As seen by these diverse diazepam cut‐off dose levels, the EDD methodology is not sufficiently accurate for prevalence studies, but is frequently used in clinical settings. Liebrenz et al. states that there is no universally accepted definition of high‐dose BDZ dependence (Liebrenz, Gehring, et al., 2015; Liebrenz, Schneider, et al., 2015; Liebrenz et al., 2016a, 2016b).
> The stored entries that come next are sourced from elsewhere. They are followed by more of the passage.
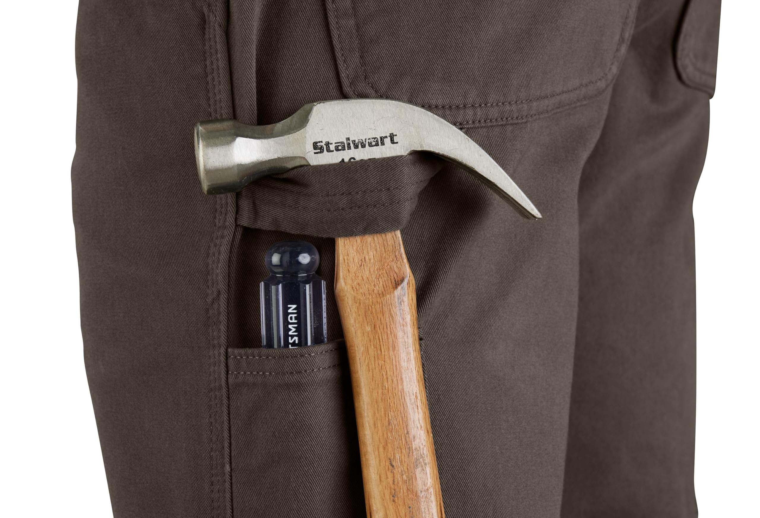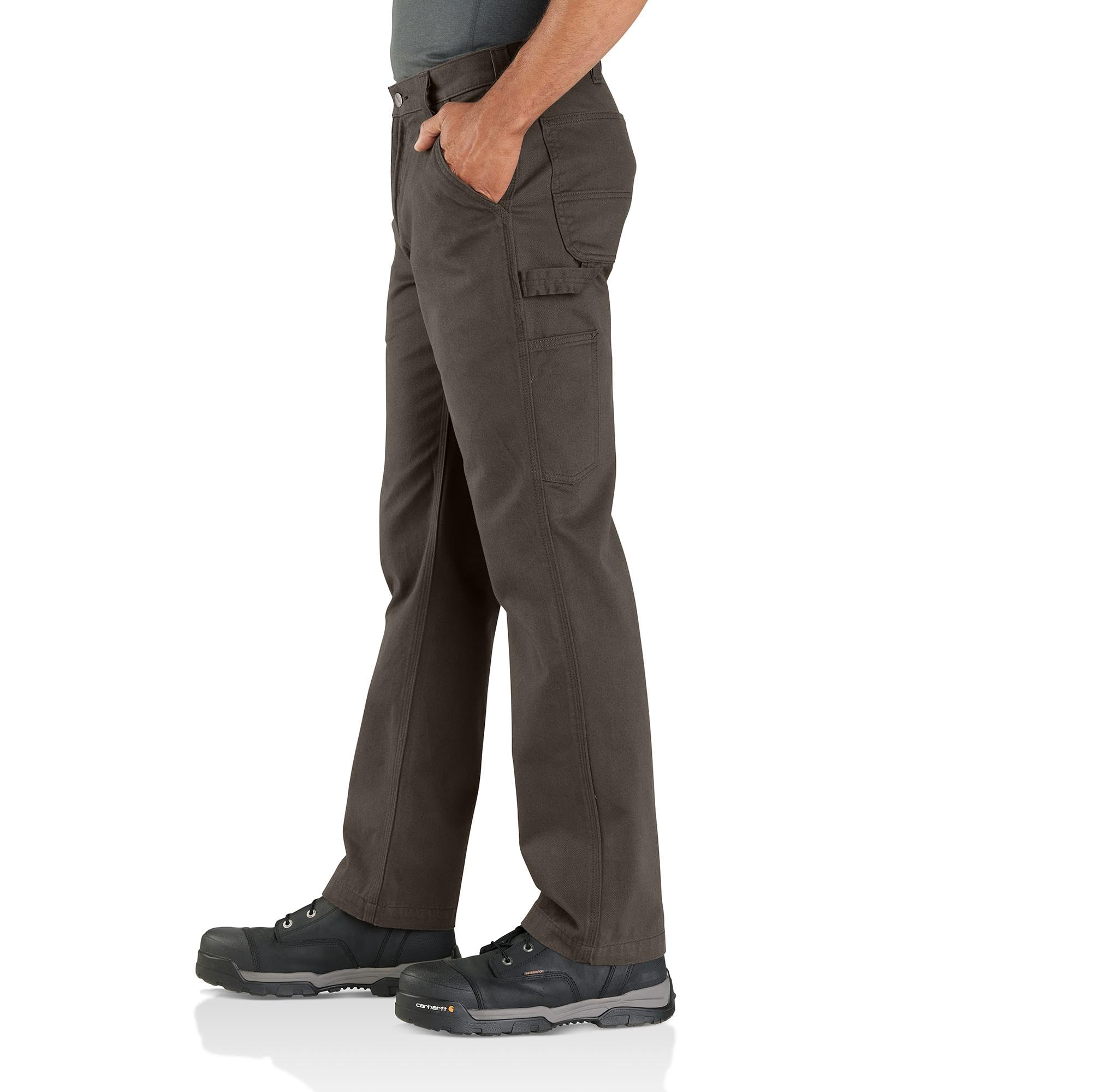 Description Carhartt's washed twill dungaree combines all-day comfort with long-lasting toughness. constructed of 9.25-ounce, 100% cotton ring-spun washed twill with a relaxed-fitting seat and thighs, it sits slightly below the natural waist. well outfitted, it includes multiple tool and utility pockets, a left-leg hammer loop, and two reinforced back pockets. the leg openings are sized to fit over boots.
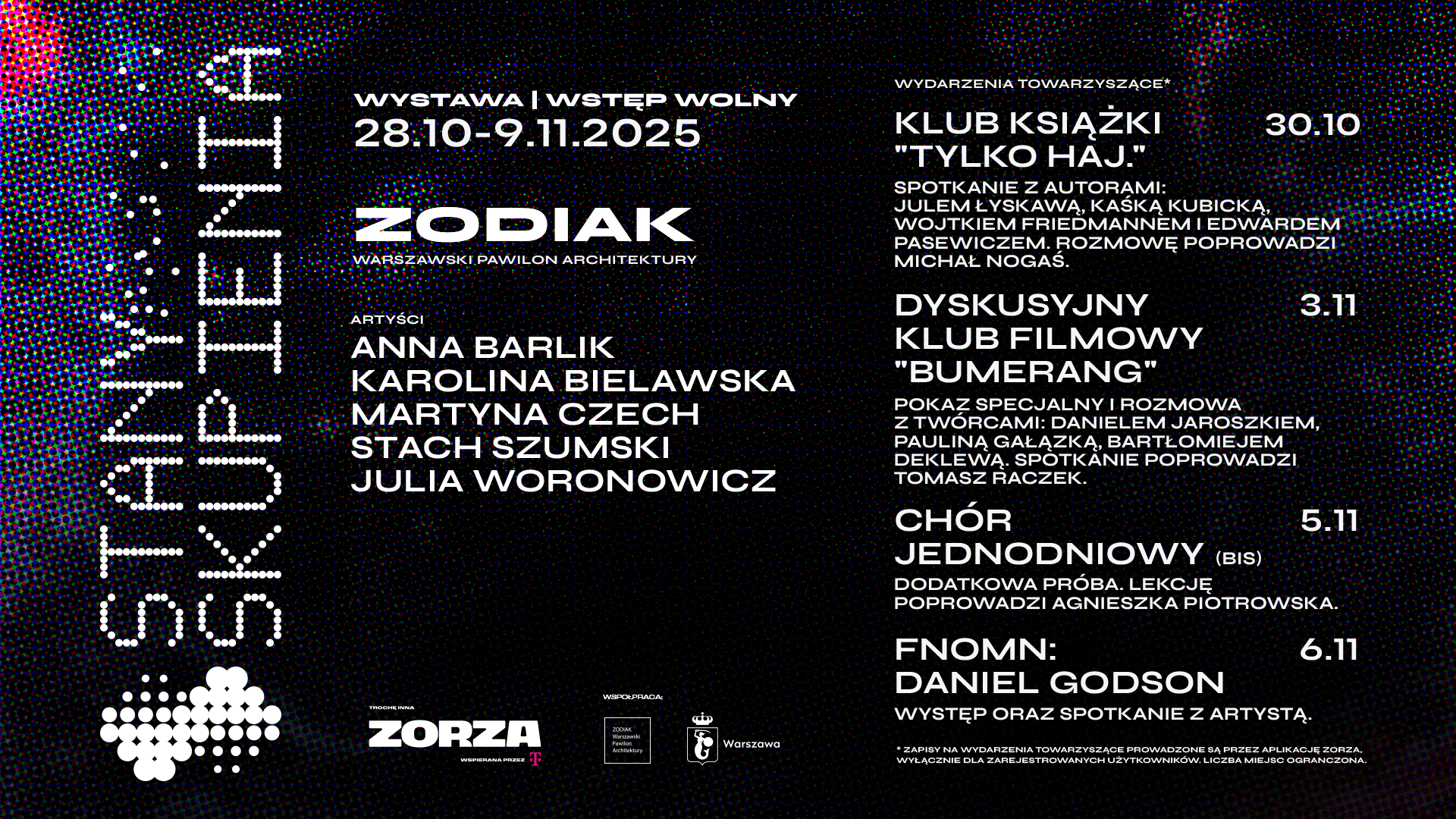 Oprócz wystawy, w ZODIAKU odbędzie się cykl spotkań, koncertów i warsztatów. Tak jak podczas festiwalu, udział w nich będzie możliwy wyłącznie osób posiadających bilety oraz karnety zarejestrowane w aplikacji ZORZA – liczba miejsc jest ograniczona, a przy rejestracji obowiązuje kolejność zgłoszeń.
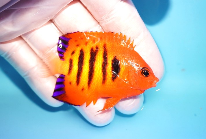 【海水魚・ヤッコ】【通販】状態良好♪【マーシャル島産】フレームエンゼル(M)(個体販売)(±6cm) No.18(生体)(海水魚)
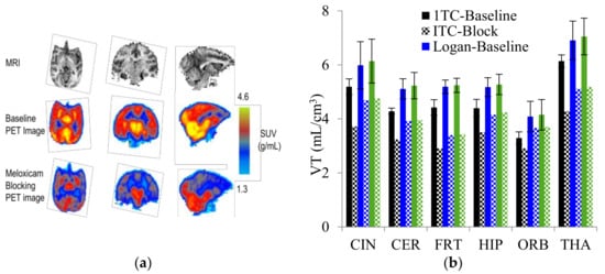 Our continued efforts in radiolabeling arylsulfone-based coxibs resulted in the identification and radiolabeling of a coxib known as TMI with superior affinity and selectivity to COX-2 (IC50 = < 1 nM; entry 7, Table 1) [57,58,59]. We reported the synthesis, radiosynthesis and in vivo PET studies of [11C]TMI in nonhuman primates [58]. PET imaging in normal baboons was performed after the intravenous (i.v.) administration of [11C]TMI, which showed BBB penetration and a heterogeneous brain uptake and retention pattern (Figure 2). Moreover, the baseline binding was blocked using meloxicam, which indicates specific binding to COX-2 in the brain. [11C]TMI exhibits uptake even to constitutive COX-2 expression in the brain, which makes it a potential candidate for in vivo PET studies of COX-2 upregulation in neuroinflammation. Further experiments in animal disease models, as well as the evaluation of kinetic parameters, are needed to further the translation of [11C]TMI for clinical studies of neurological disorders associated with COX-2 induction.
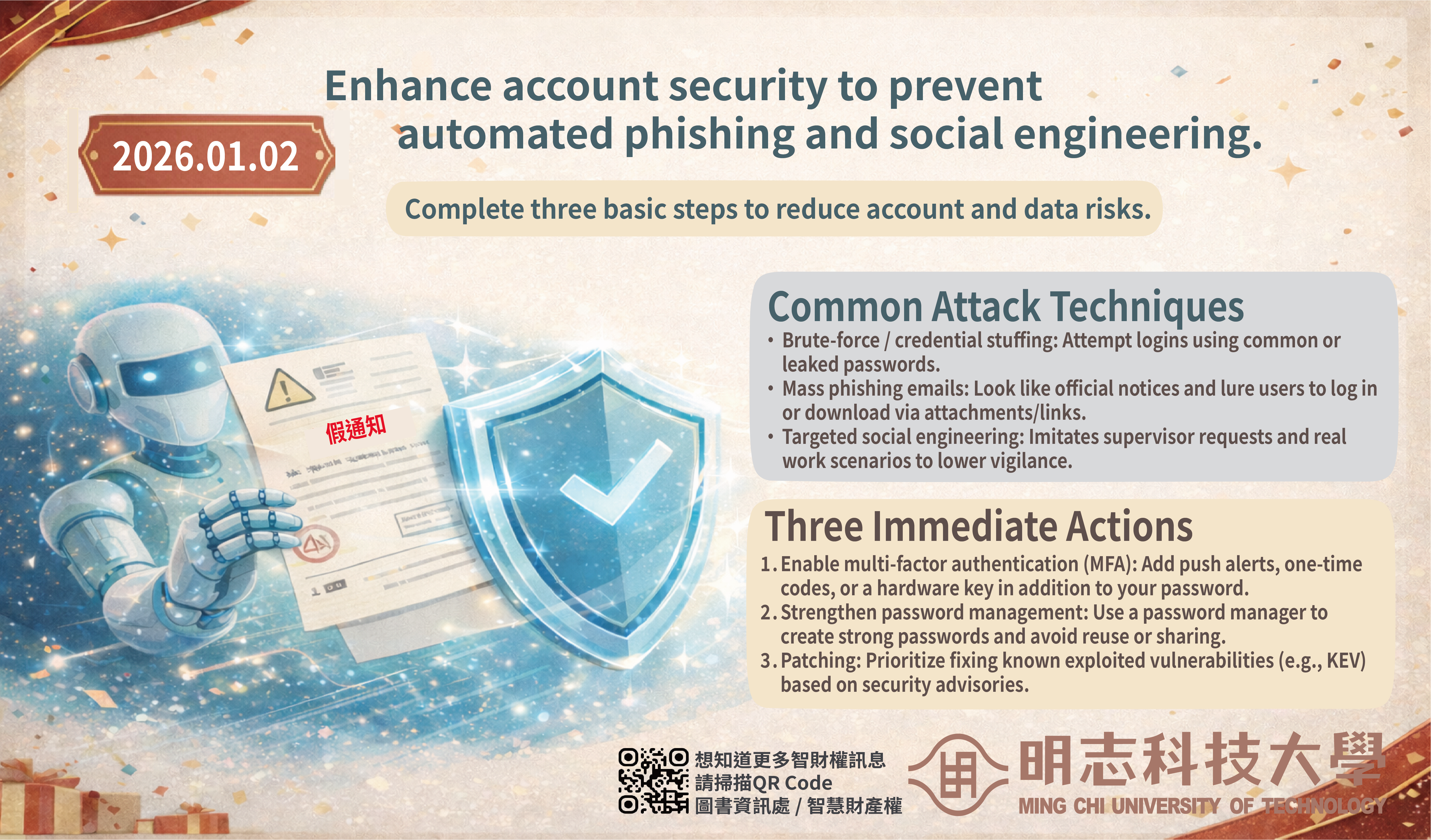 As artificial intelligence and automation technologies continue to develop rapidly, cyberattack techniques are becoming increasingly sophisticated. Incidents involving automated phishing emails, brute-force attacks, and targeted social engineering aimed at user accounts are also on the rise, posing tangible risks to campus information security and personal data protection. To reduce the likelihood of account compromise and personal data leakage, please complete the following three basic protective measures to mitigate these risks.
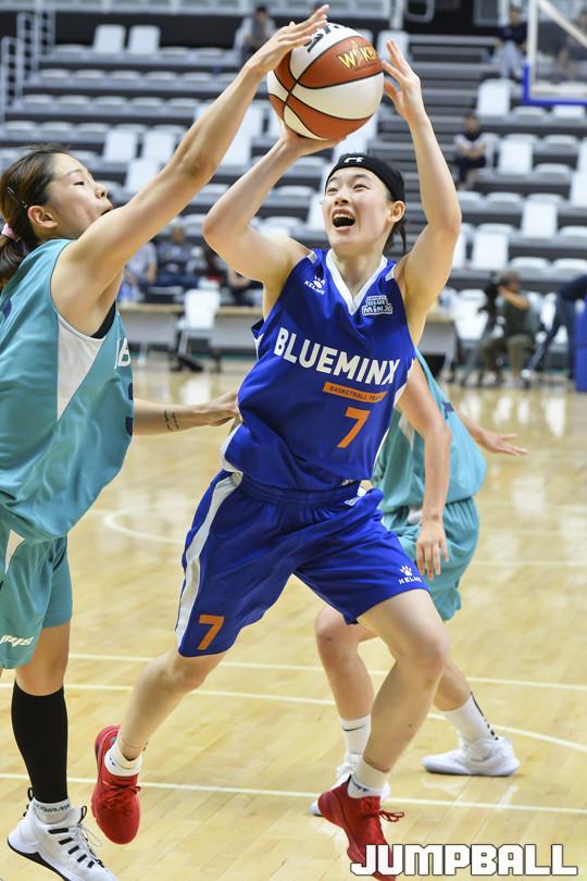[점프볼=수원/홍기웅 기자] 27일 서수원칠보체육관에서 열린 '2018 우리은행 박신자컵 서머리그' KEB하나은행과 삼성생명의 경기. 삼성생명 강계리가 골밑슛을 올리는 도중 블록 슛을 당하고 있다.

Once converted in diazepam equivalent, authors use different values to define high‐dosage, from a greater than one EDD of 10 mg (Voshaar et al., 2003) up to 50 mg (Faccini et al., 2016, 2019; Federico et al., 2017, 2020; Kaendler et al., 1996; Lugoboni et al., 2020, 2014, 2018; Tamburin et al., 2017). In previous studies, patients with an EDD of 20–500 mg were hospitalized for withdrawal (Harrison et al., 1984; Janhsen et al., 2015).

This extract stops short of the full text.